Выбрать главу

Если рассматривать «Ночной дозор» с точки зрения наклонности художника выражать сюжет с помощью света й темноты, то он, так сказать, теряет свои секреты. Все, что заставляло нас колебаться, теперь установлено. Достоинства картины получают свой смысл, ошибки становятся понятными. Затруднения мастера, когда он исполнял картину, рисовальщика, когда он строил композицию, живописца, когда он писал, костюмера, когда он одевал героев; непостоянство тона, двусмысленность впечатления, неопределенность часа действия, странности фигур и их внезапное, сверкающее появление среди полной темноты — все это случайный результат эффекта, задуманного вопреки правдоподобию, осуществленного вопреки всякой логике и не столь уж необходимого: осветить реальную сцену нереальным светом, то есть придать факту возвышенный характер видения. Не ищите в картине ничего, кроме этого чрезвычайно смелого замысла, который манил художника, но не вязался с заказом, противополагал новую систему привычной форме, дерзание духа — ловкости рук. Дерзость этого замысла не переставала, вероятно, подстрекать художника вплоть до того дня, когда, думается мне, уже выявились непреодолимые трудности. Если Рембрандт и преодолел некоторые из них, то большинства он все же преодолеть не смог.

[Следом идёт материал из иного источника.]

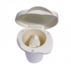 Toma de ducha exterior modelo W. Universal, válido tanto para bombas automáticas como para bombas sumergibles o de paso. Enchufe rápido de plástico. Incluye espiga de conexión. Medidas de montaje: Ø 58 mm, 55 mm de profundidad.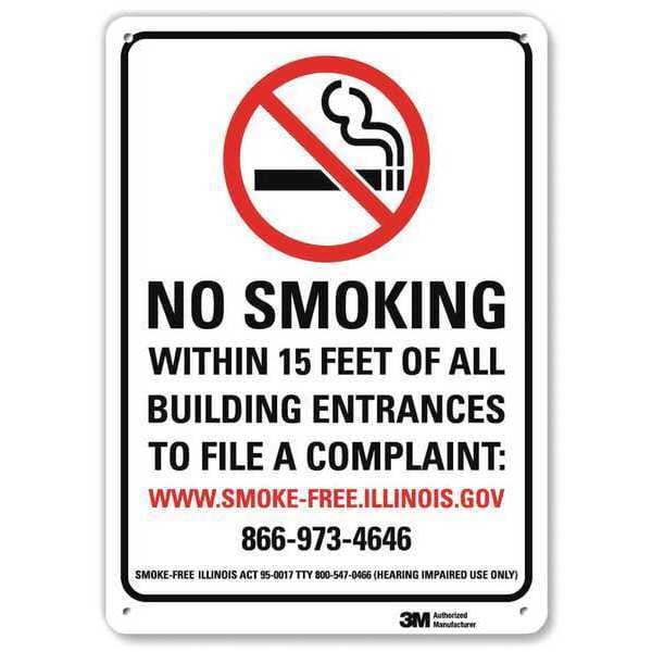 Safety Sign, Horizontal Rectangle, Number of Printed Sides 1, English, Sign Format Other Format, Sign Legend No Smoking Within 15 Feet Of All Building Entrances To File A Complaint: Www.Smoke-Free.Illinois.Gov 866-973-4646 Smoke-Free Illinois Act 95-0017 Tty 800-547-0466 (Hearing Impaired Use Only), Sign Legend Background Color White, Sign Legend Style Symbol and Text

Я обращаюсь к тем, кто не верит в безусловную непогрешимость даже лучших умов. Рембрандту надо было изобразить роту вооруженных людей. Не было ничего проще, как показать нам, что они собираются делать; но он выразил это так небрежно, что даже в самом Амстердаме до сих пор ничего не могут понять. Он должен был придать фигурам портретное сходство — оно сомнительно; изобразить характерные костюмы — они большей частью фантастичны; создать живописный эффект — но этот эффект оказался таков, что картина стала неразрешимой загадкой. Страна, место, время действия, сюжет, люди, вещи — все исчезло в бурной фантасмагории палитры. Обычно Рембрандт великолепно воспроизводит жизнь и превосходно воплощает в искусстве свою фантазию; он мыслитель но природе, выразитель света по дарованию. Здесь фантазия не к месту, нет ни жизни, ни мысли, которая бы все искупала. Что же касается света, то он добавляет еще одну непоследовательность к другим. Свет здесь сверхъестественный, беспокоящий, искусственный. Он словно излучается изнутри наружу, растворяя освещаемые им предметы. Я вижу явственно сверкающий огонь, но не вижу ни одного освещенного предмета. Свет этот ни прекрасен, ни правдив и ничем не мотивирован. В «Уроке анатомии» смерть была забыта ради игры красоты; здесь же две главные фигуры потеряли свои тела, свою индивидуальность, свой человеческий облик в сиянии блуждающих огней.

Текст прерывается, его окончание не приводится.